Going Further: Using the API

The server exposes an OpenAI-compatible API, so you can connect it to any tool that supports OpenAI's format:

curl http://localhost:8080/v1/chat/completions \
  -H "Content-Type: application/json" \
  -d '{
    "model": "Qwen3.5-0.8B",
    "messages": [{"role": "user", "content": "Hello!"}]
  }'

Docker Deployment

For server deployments, use the official Docker image:

docker pull ghcr.io/mozilla-ai/llamafile:latest
docker run -p 8080:8080 ghcr.io/mozilla-ai/llamafile:latest

Running Larger Models

If you have a GPU, Llamafile automatically detects and uses CUDA (NVIDIA), Metal (Apple Silicon), or Vulkan.
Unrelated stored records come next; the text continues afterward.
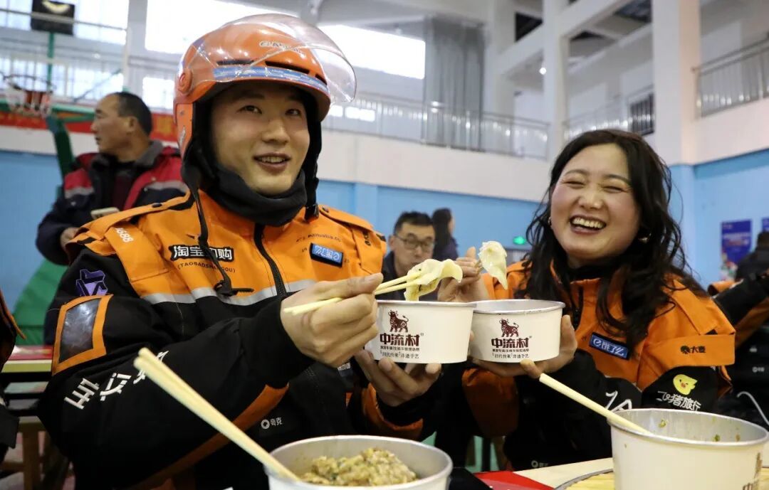 2026年2月10日,在安徽省阜阳市颍东区工人文化宫,快递员、外卖员等新就业形态劳动者和工作人员一起参加“情暖小年·饺香传情”包饺子活动。图为外卖员正在吃饺子。(宿飞/人民图片)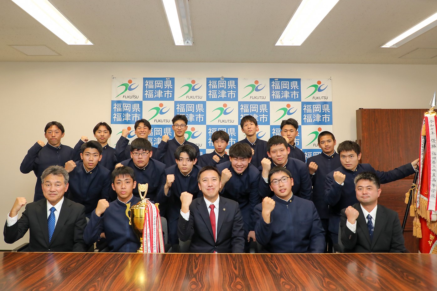 令和7年12月23日表敬訪問 県立水産高校カッター部が全国大会優勝
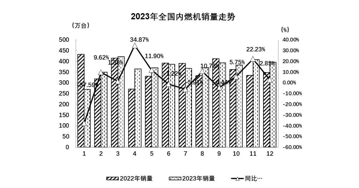 近日中国内燃机工业协会最新数据显示,2023年12月内燃机行业销量环比小幅下降、同比增长,全年销量较上年比小幅增长。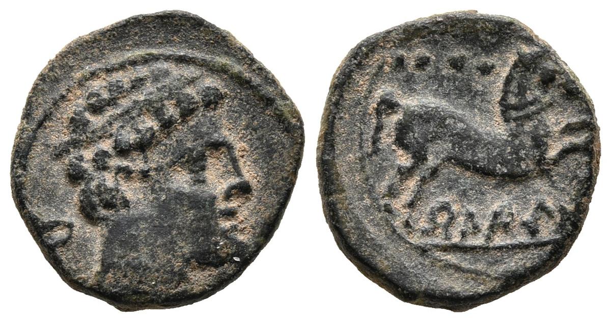 BELIGIOM (Belchite, Zaragoza). Cuadrante. (Ae. 2,74g/16mm). 120-20 a.C. (FAB-248). Anv: Cabeza masculina barbada a derecha, detrás letra ibérica: Be. Rev: Caballo saltando a derecha, encima tres puntos, debajo leyenda ibérica: BeLIGiO. MBC+.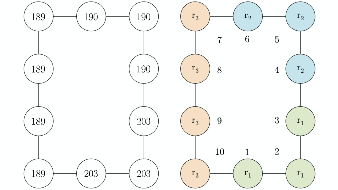 将下图(左侧部分)展现给参与者。与之前的实验一样,为了控制潜在的左右非对称性,我们给参与者随机分配同一图中的布局构造或水平翻转版本,还描述了预期催生出的状态簇,节点编号供参考(右侧部分)。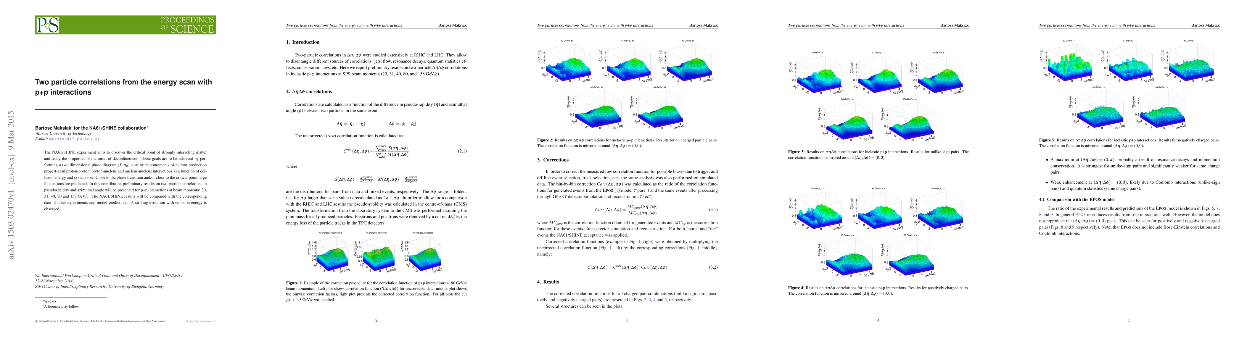 The NA61/Shine experiment aims to discover the critical point of strongly interacting matter and study the properties of the onset of deconfinement. These goals are to be achieved by performing a two dimensional phase diagram T-mu_B scan by measurements of hadron production properties in proton-proton, proton-nucleus and nucleus-nucleus interactions as a function of collision energy and system size. Close to the phase transition and/or close to the critical point large fluctuations are predicted. In this contribution preliminary results on two-particle correlations in pseudorapidity and azimuthal angle will be presented for p+p interactions at beam momenta: 20, 31, 40, 80 and 158 GeV/c. The NA61/Shine results will be compared with the corresponding data of other experiments and model predictions. A striking evolution with collision energy is observed.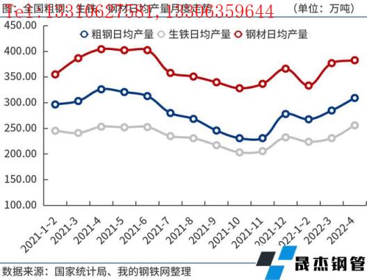 2022年4月份,鋼筋、線材、中厚寬鋼帶等日均產(chǎn)量為68.5萬噸、41.5萬噸、55.2萬噸,分別較上月增加2.7萬噸、1.6萬噸和2.6萬噸;冷軋薄板、焊接厚壁鋼管等日均產(chǎn)量11.5萬噸和16.0萬噸,分別較上月減少2.8萬噸和0.8萬噸。由于國(guó)內(nèi)疫情反復(fù),預(yù)計(jì)5月上半月主要品種厚壁無縫鋼管日均產(chǎn)量高位運(yùn)行,下半月建筑厚壁無縫鋼管生產(chǎn)企業(yè)因虧損減產(chǎn)。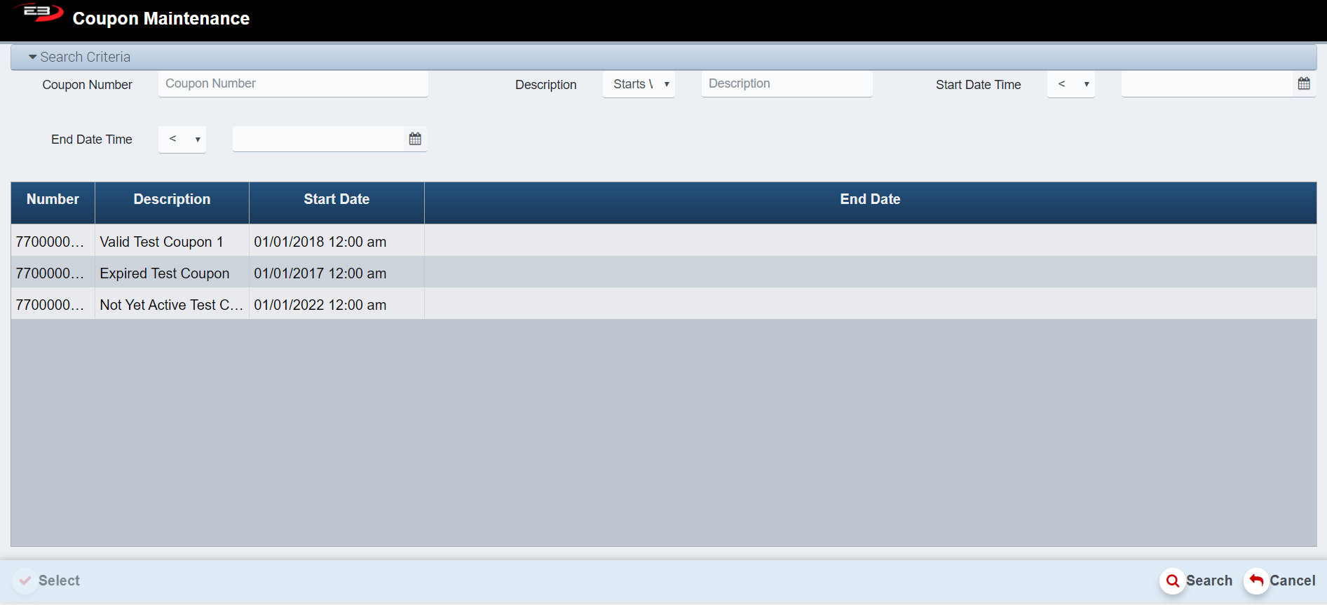 Highlight a specific item to enable the select button. Click Select, the register returns to the Item Entry Screen where a transaction can take place.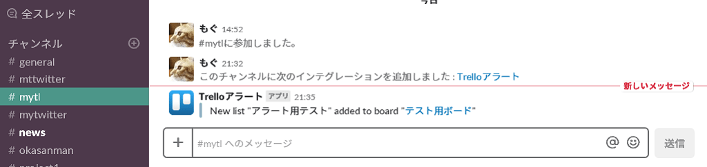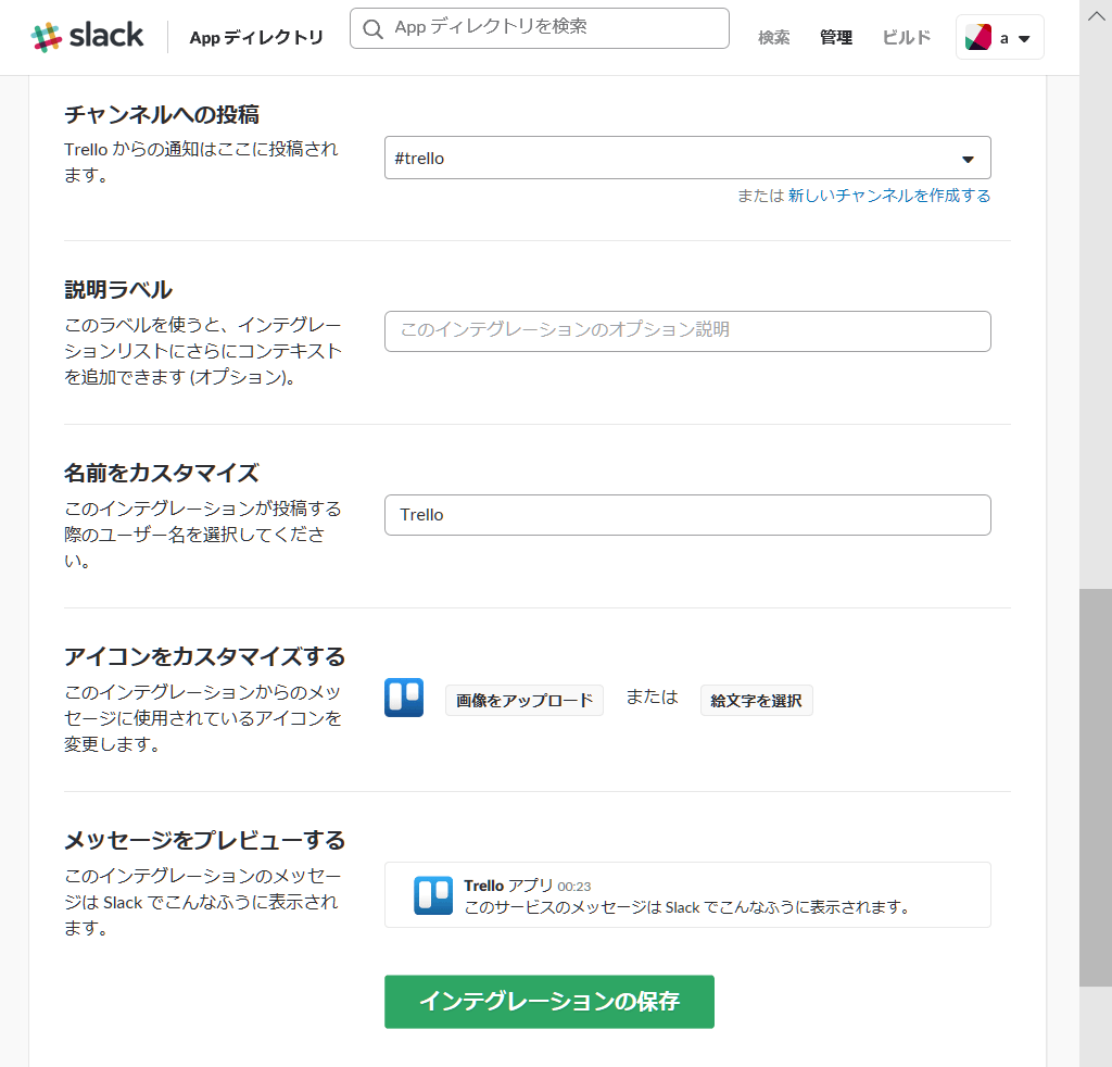 最後に「インテグレーションの保存」ボタンを押すと、設定は保存され、Trelloの通知がSlackに送られるようになります。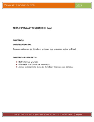 Este documento explica las fórmulas y funciones en Excel 2013. Define fórmula y función, y diferencia entre ellas. Explica los componentes de una fórmula en Excel como referencias de celdas, constantes, operadores y funciones. También describe los diferentes tipos de operadores y el orden en que Excel evalúa las operaciones en las fórmulas.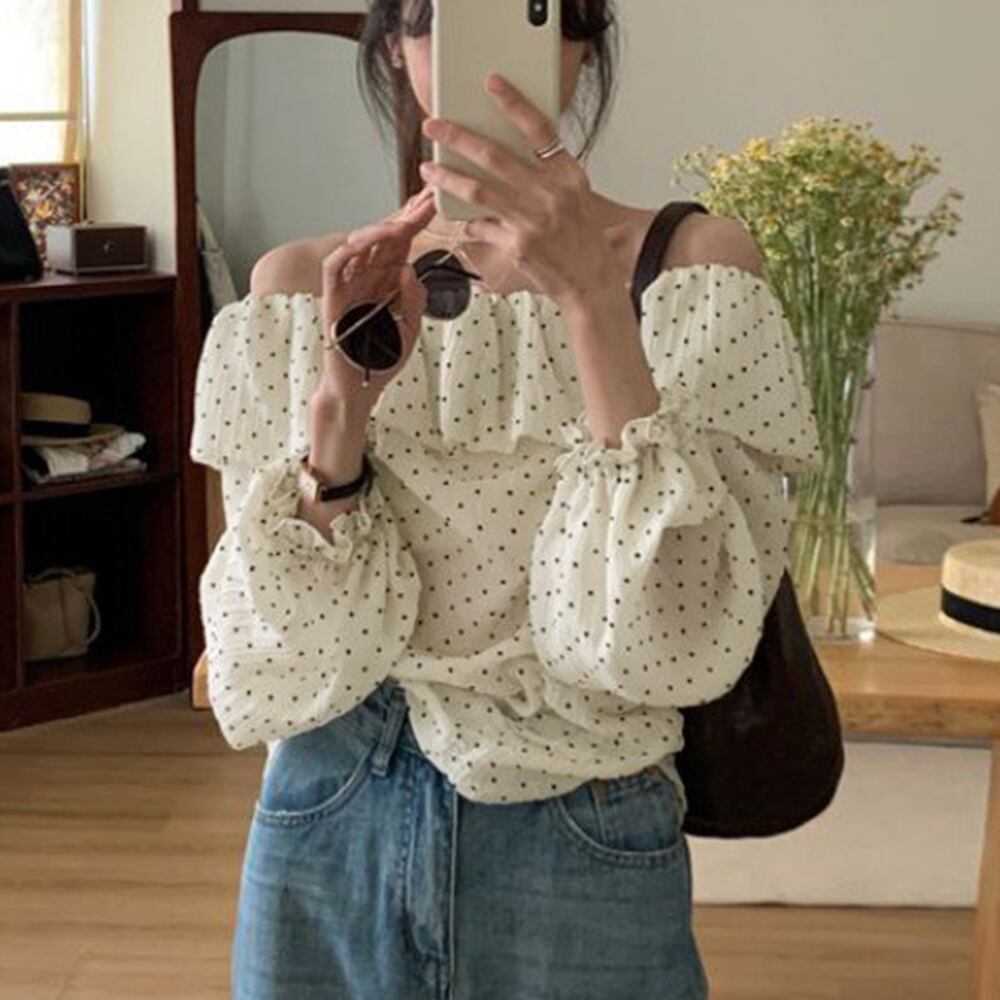 おしゃれ 長袖 フリルトップス ドット柄 水玉模様 大人可愛いブラウス きれいめ夏服 肩出しカットソー 韓国ファッション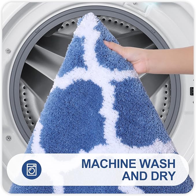 - [Comfortable and Luxurious] This bath mat boasts a contemporary Moroccan geometric design with a 0.6-inch high pile, incorporating a unique ultra-fine fiber-locking technique for unparalleled fluffiness and softness. Immerse your feet in the cozy and comfortable feel of the bathroom mat, adding a touch of sophistication to your space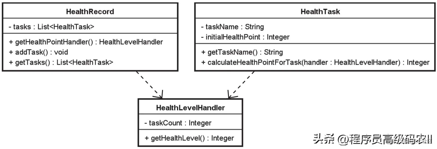 HealthRecord去实现这个接口。我们同样将这个接口命名为HealthLevelHandler,其中包含一个计算健康等级的方法定义。这样,HealthTask在计算积分时只需要依赖这个业务接口,而不需要关心这个接口的具体实现类,如图2-7所示。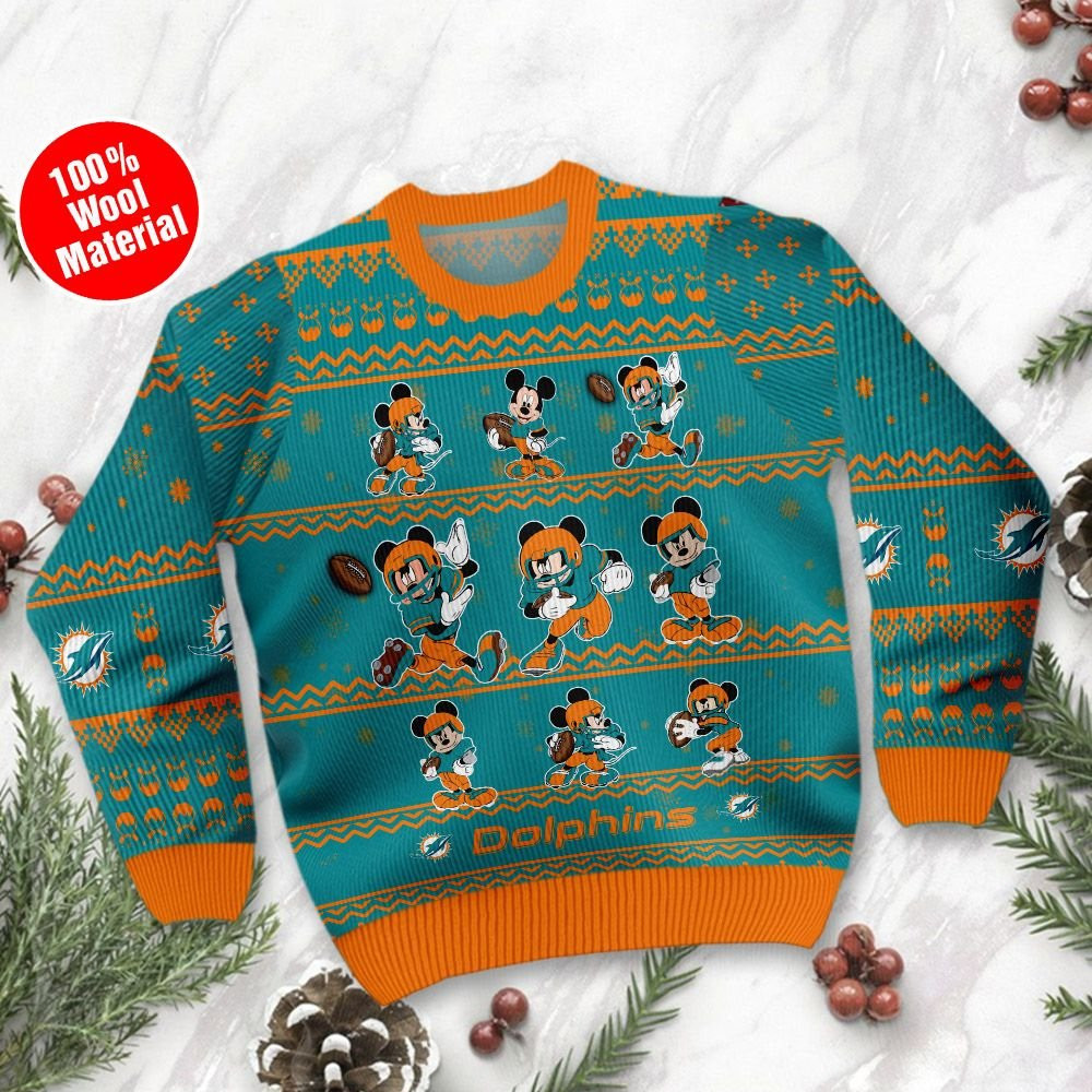 Miami Dolphins Mickey Mouse Ugly Christmas Sweater, Perfect Holiday Gift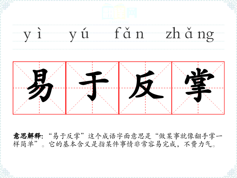 “易于反掌”这个成语字面意思是“做某事就像翻手掌一样简单”。它的基本含义是指某件事情非常容易完成,不费力气。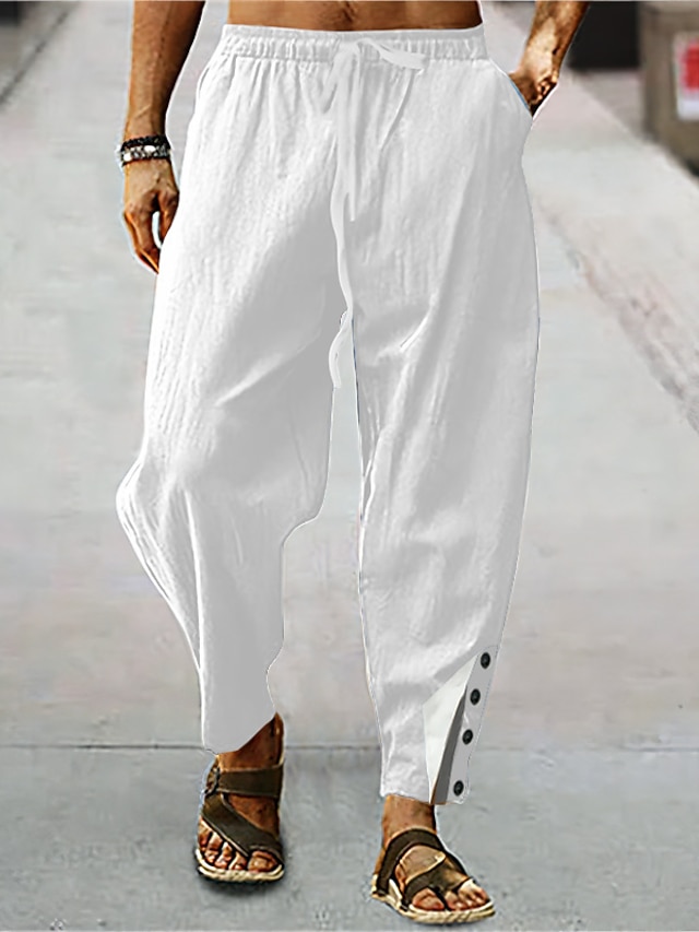 Diese Leinenhose für Herren ist der absolute Sommer-Liebling! Aus atmungsaktivem Stretch-Leinen fühlt sie sich super leicht und bequem an. Der Kordelzug am Bund sorgt für die perfekte Passform - kein lästiges Bändel binden mehr! Mit zwei schrägen Taschen für Handy, Schlüssel & Co. Perfekt für Strandtage, Yoga, oder einfach nur zum Relaxen zu Hause. Kombinier sie mit nem Basic-Shirt und Sneakern für den lässigen Look oder mit nem Leinenhemd für besondere Anlässe. Einfach ein Allrounder für den Sommer - bequem, stylisch und praktisch!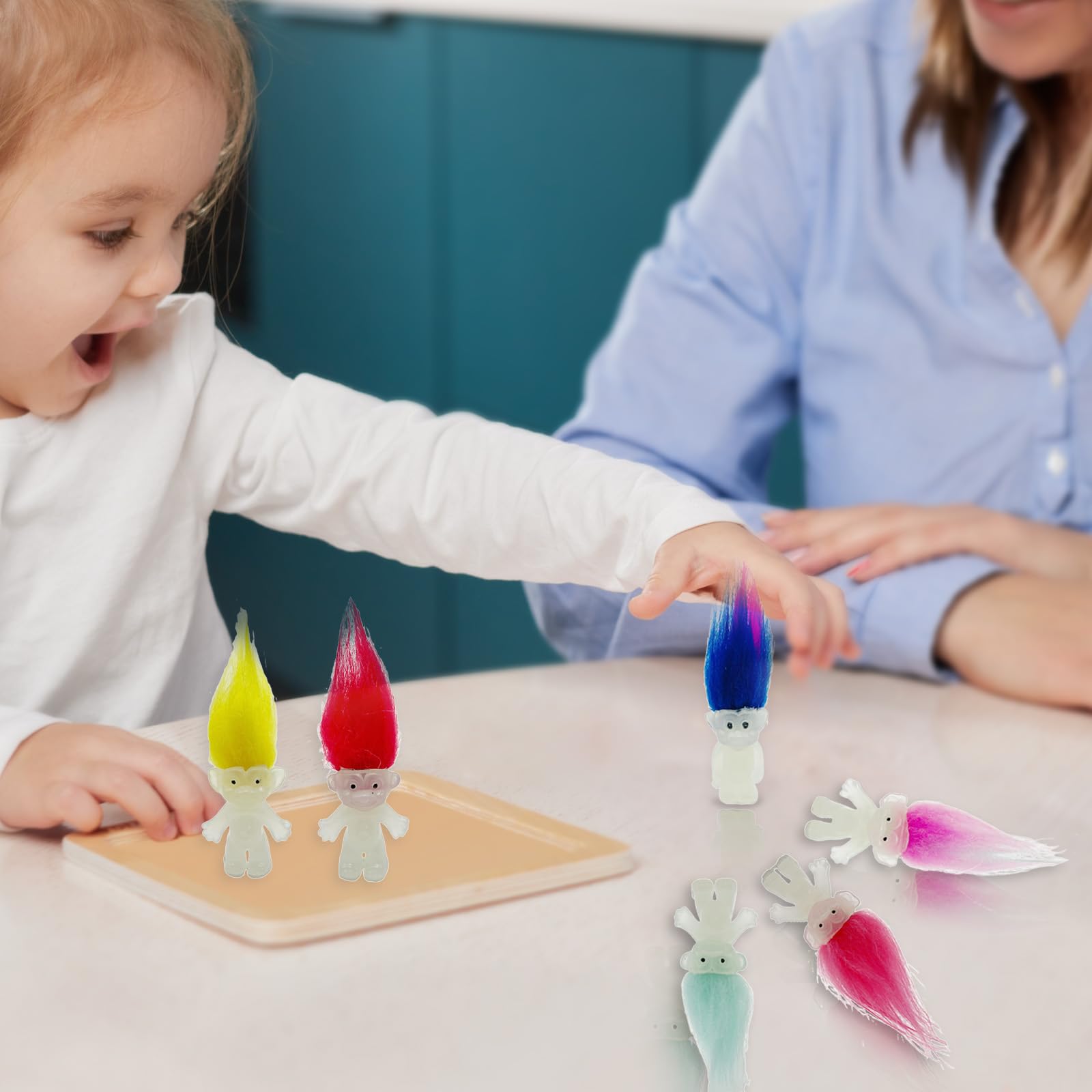 ?Value Package?You will get 10pcs/20pcs/30pcs/40pcs mini troll doll figures with all kinds of different colors, the quantity is ample and the colors are rich, They can meet your diverse needs for creating and decorating. The luminous troll dolls will also bring different visual experience to your creation. ?Proper Size? Luminous troll dolls is about 2.36inch(including the hairs),The body part is about 1.2inch., Small and compact, easy to carry and place.The mini troll dolls are perfect for children as Cake Toppers?Christmas gift, Halloween gift, Birthday gift, Valentines Day gift, Childrens Day gift, First-day-back-to-school gift etc., also,these adorable movie figures suitable for themed party.Perfect size also fits in Easter egg. ?Material?The cute troll dolls is made of high quality PVC material ,The material has passed the international safety inspection certification,Safety and environmental protection.Please rest assured to buy. ?Endless fun to play?Inspired by a movie, this adorable troll doll is small characters with big personalities, kids will be obsessed with playing with this cute doll. Playing this lucky troll with your kids helps add interaction with them, allowing both of you have fun! ?Pay attention?Absord the light at day time or use a flashlight to shine the troll dolls,they can glow in the dark at night.

Browse huggingface.co/mozilla-ai for larger pre-built llamafiles or use the --model flag with any GGUF file.

Troubleshooting

"Permission denied" — Run chmod +x first
File is too large for Windows — Use the llamafile binary with external weights instead
Out of memory — Try a smaller model or use the --mlock flag

Conclusion

Llamafile is the single easiest way to run LLMs locally. In the time it takes to make coffee, you can have a state-of-the-art language model running on your laptop, completely offline and private. Give it a try — you'll be amazed how simple it is.